Он выбил еще один кусок стекла, выдавил оставшиеся осколки локтем, сунул руку в дыру и обернулся к ней, подмигнув:
— Вы налево, я направо.
Рукой он нащупывал замок. Раздался скрежет — старый ключ повернулся в старом замке. Потом дверь приоткрылась. Внутри было так же темно, как в ночи за окном. Майер вошел и быстро скрылся во мраке. Она решила двигаться вдоль стены, осторожно, ощущая в правой руке непривычную тяжесть «глока».
В квартире пахло нафталином и лекарствами, котом и стираным бельем.
Три шага, и она уперлась в комод, задела что-то рукой, едва успела подхватить, прежде чем предмет упал на пол. Лунд на ощупь догадалась, что это было: фарфоровая статуэтка, деревенская молочница с ведрами. Беззвучно поставила фигурку на место. Двинулась дальше, наступила на что-то, и тишину разбил механический голос:
— Ваш вес пятьдесят семь килограммов двести граммов.
Она сошла с весов, гадая, что подумал Майер.
— Пятьдесят семь килограммов двести граммов, — повторил голос.
Где-то впереди послышался болезненный стон. Потом шаги. Силуэт. Это был Майер, он шел впереди нее, оружие на изготовку.
Все было тихо. Еще три шага. Дверь направо, распахнута. Затрудненное астматическое дыхание. Она положила пистолет в карман, вошла в дверь, пальцами провела по стене вдоль косяка, нашла выключатель. Нажала на него.
Тусклая желтая лампочка люстры осветила старуху на полу — связанную в лодыжках и запястьях, с тряпкой во рту.
Лунд опустилась, положила руку на плечо женщины, вытащила кляп. Долгий тонкий вопль ужаса и боли вырвался изо рта старухи.
Подскочил, сыпля проклятьями, Майер.
— Где он? — спросила Лунд. — Госпожа Вилладсен?

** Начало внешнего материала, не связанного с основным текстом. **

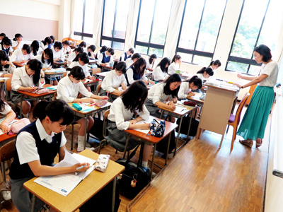 そして高等科3年の夏期講習は、英語標準、英語発展、数学Ⅰ型、数学Ⅱ型、古文、現代文、日本史、世界史、生物標準、生物発展、生物遺伝特講、物理演習、化学標準、化学発展の14講座と、立教大学推薦内定者対象のTOEIC対策講座が置かれ、香蘭最後の夏の学習に全力を尽くしています。

— Что она говорит? — рявкнул Майер.
Женщина задыхалась, широко разевала рот, не в силах справиться с переполняющим ее страхом.
— Что она говорит?
Лунд посмотрела на него. Потом прислушалась. Он понял, вышел из комнаты в темноту, его ботинки затопали по кафелю.
Она ждала.
«Вы налево, я направо». Остался ли в силе этот план? Да, решила она. Майер был в чем-то похож на нее. Если есть план, то он не меняется. И ты следуешь ему, пока не договоришься о другом. А еще он, как и она, предпочитал работать в одиночку.
Она освободила руки и ноги женщины, велела оставаться в комнате и не шуметь.
Две костлявые руки вцепились в нее.
— Не уходите!
— Я ненадолго. Мы здесь. Вы в безопасности.
— Не уходите!
— Все в порядке. Не бойтесь.
Но морщинистые пальцы не отпускали ее.
— Мне нужна моя палка.
— Где она?
Женщина поводила головой, подумала:
— В прихожей.
— Понятно. — Голос спокойный, ровный. Лунд чувствовала себя именно так. — Оставайтесь здесь.
Она вышла из комнаты, взяла влево.
Кухонные запахи, слив в раковине, пища, кот. Еще одна старая лампа, абажур с оборочками, выцветший до желтизны. Одинокий стул, столик. Полосатые занавески до пола. Мягко колышутся, как будто окно за ними открыто. В ноябре.
Лунд сложила руки на груди, подумала, прошла вперед, осторожно отодвинула ткань.
Боль пронзила ее руку, словно от укуса пчелы, моментальная и острая.
Из-за полосок выскочил человек, вырос черным силуэтом на фоне уличных огней за окном. Он размахивал правой рукой вверх и вниз, вправо и влево.
Еще одна вспышка боли.
Лунд заорала:
— Назад! Полиция!
Стала неуклюже нащупывать оружие, как глупо.